**Work instruction**.
Could you repeat the data word for word while skipping the pictures?

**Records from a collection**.
-=-=-

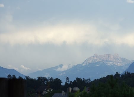 Das Gewitter beim Mürtschenstock hat sich verzogen, nur eine sonderbare Wolkenspur liegt noch über dem sagenumwobenen Berg in den Glarner Alpen. Oder ist es eine Rauchspur? Ist am Ende der Drache wieder durch die Luft gesaust? Die Sage besagt, dass einmal ein riesiger Drache in den Mürtschenstock geprallt sei, mit solcher Wucht, dass er den Berg sogar durchschlagen habe. Das Mürtschenloch – ähnlich dem viel berühmteren Martinsloch bei Elm – existiert noch heute.
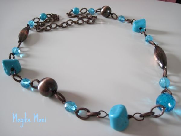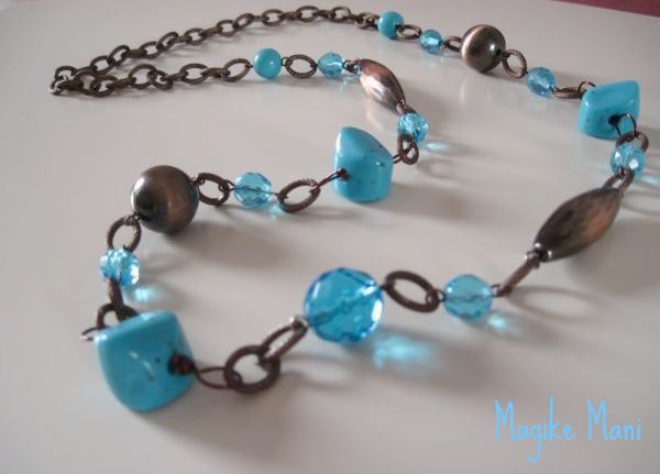 La catena è opaca e non riflette la luce così ho pensato di aggiungere dei mezzi cristalli di un bel colore turchese e i famosi “sassi di resina”, che a me piacciono tanto, questa volta turchesi…
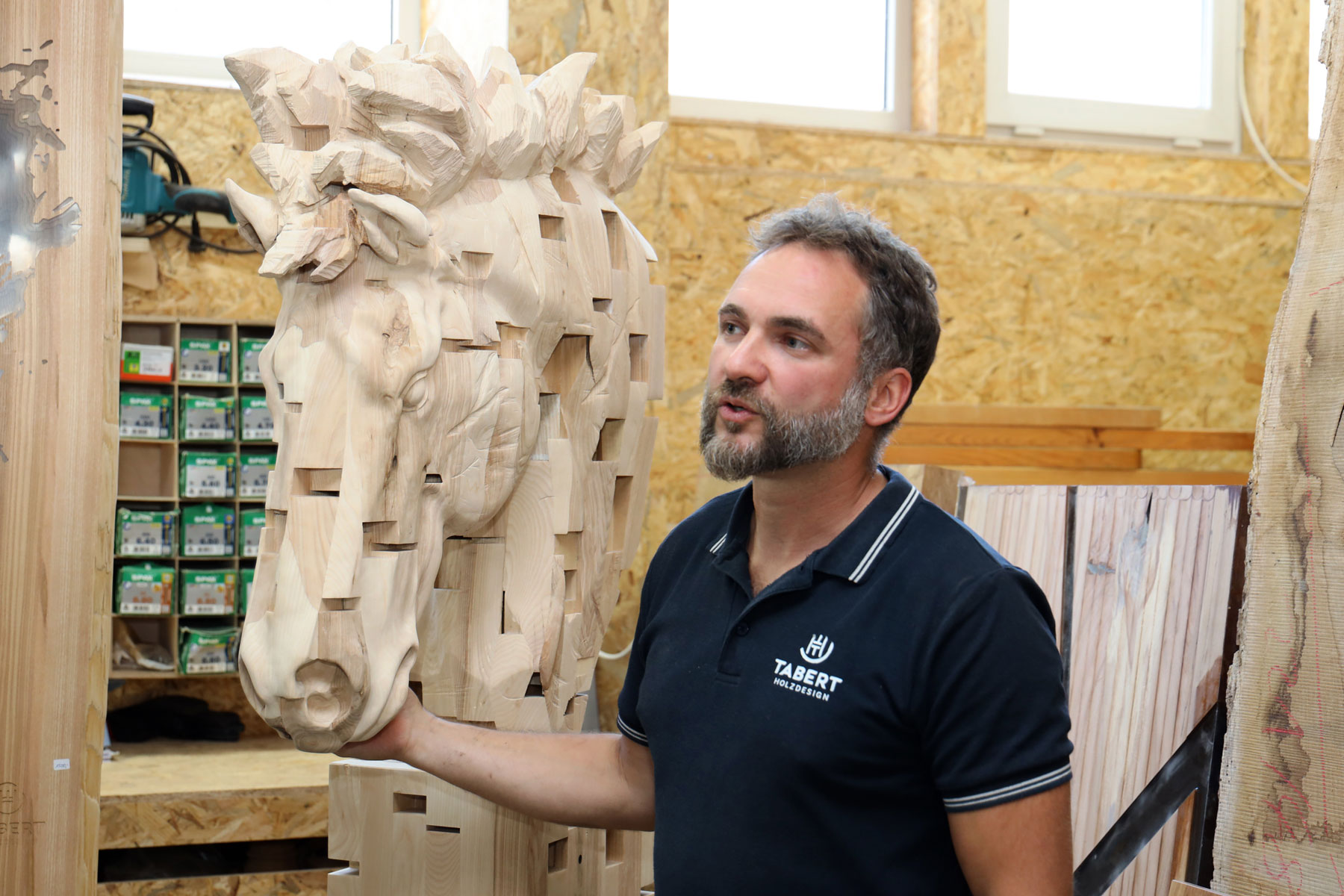 Seit Juli 2023 findet man Tabert Holzdesign im Niedergörsdorfer Ortsteil Rohrbeck. In der großen Halle mit vorgelagertem Holzplatz kann er frei arbeiten. Dieser Drang nach Freiheit war es auch, der ihn dazu bewog, seine angestellte Tätigkeit als Meister und Ausbilder bei SIK-Holz aufzugeben und sich selbstständig zu machen. Bereut hat Bastian Tabert das bis heute nicht, er sieht sich als „Forscher, Abenteurer und Entdecker“.
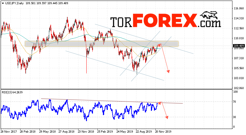 В пользу снижения пары Доллар Иена выступит тест линии сопротивления на индикаторе относительной силы. Вторым сигналом станет отскок от верхней границы нисходящего канала. Отменой варианта падения пары USD/JPY на текущей торговой неделе 2 — 6 декабря 2019 выступит сильный рост и пробой области 110.85. Такой вариант укажет на пробой области сопротивления и продолжение роста пары на Форекс в область выше уровня 113.15. Подтверждением падения по паре USD/JPY выступит пробой нижней границы восходящего канала и закрытие под уровнем 107.25.
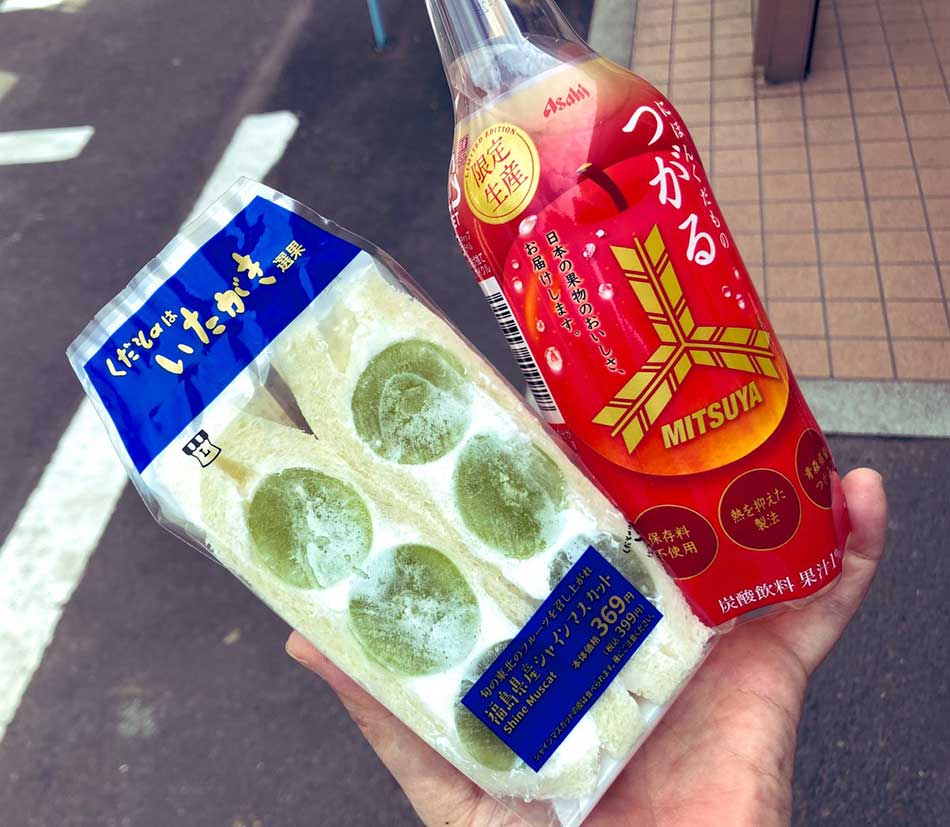 フルーツサンドは、断面だけじゃなくて奥にもちゃんとシャインマスカットが挟んでありました(…ちょびっとだけだけど)。三ツ矢サイダーのりんごは大大大好きなので、定番商品にしてほしいー。

-=-=-

**Task answer**.
 Das Gewitter beim Mürtschenstock hat sich verzogen, nur eine sonderbare Wolkenspur liegt noch über dem sagenumwobenen Berg in den Glarner Alpen. Oder ist es eine Rauchspur? Ist am Ende der Drache wieder durch die Luft gesaust? Die Sage besagt, dass einmal ein riesiger Drache in den Mürtschenstock geprallt sei, mit solcher Wucht, dass er den Berg sogar durchschlagen habe. Das Mürtschenloch – ähnlich dem viel berühmteren Martinsloch bei Elm – existiert noch heute.
 La catena è opaca e non riflette la luce così ho pensato di aggiungere dei mezzi cristalli di un bel colore turchese e i famosi “sassi di resina”, che a me piacciono tanto, questa volta turchesi…
 Seit Juli 2023 findet man Tabert Holzdesign im Niedergörsdorfer Ortsteil Rohrbeck. In der großen Halle mit vorgelagertem Holzplatz kann er frei arbeiten. Dieser Drang nach Freiheit war es auch, der ihn dazu bewog, seine angestellte Tätigkeit als Meister und Ausbilder bei SIK-Holz aufzugeben und sich selbstständig zu machen. Bereut hat Bastian Tabert das bis heute nicht, er sieht sich als „Forscher, Abenteurer und Entdecker“.
 В пользу снижения пары Доллар Иена выступит тест линии сопротивления на индикаторе относительной силы. Вторым сигналом станет отскок от верхней границы нисходящего канала. Отменой варианта падения пары USD/JPY на текущей торговой неделе 2 — 6 декабря 2019 выступит сильный рост и пробой области 110.85. Такой вариант укажет на пробой области сопротивления и продолжение роста пары на Форекс в область выше уровня 113.15. Подтверждением падения по паре USD/JPY выступит пробой нижней границы восходящего канала и закрытие под уровнем 107.25.
 フルーツサンドは、断面だけじゃなくて奥にもちゃんとシャインマスカットが挟んでありました(…ちょびっとだけだけど)。三ツ矢サイダーのりんごは大大大好きなので、定番商品にしてほしいー。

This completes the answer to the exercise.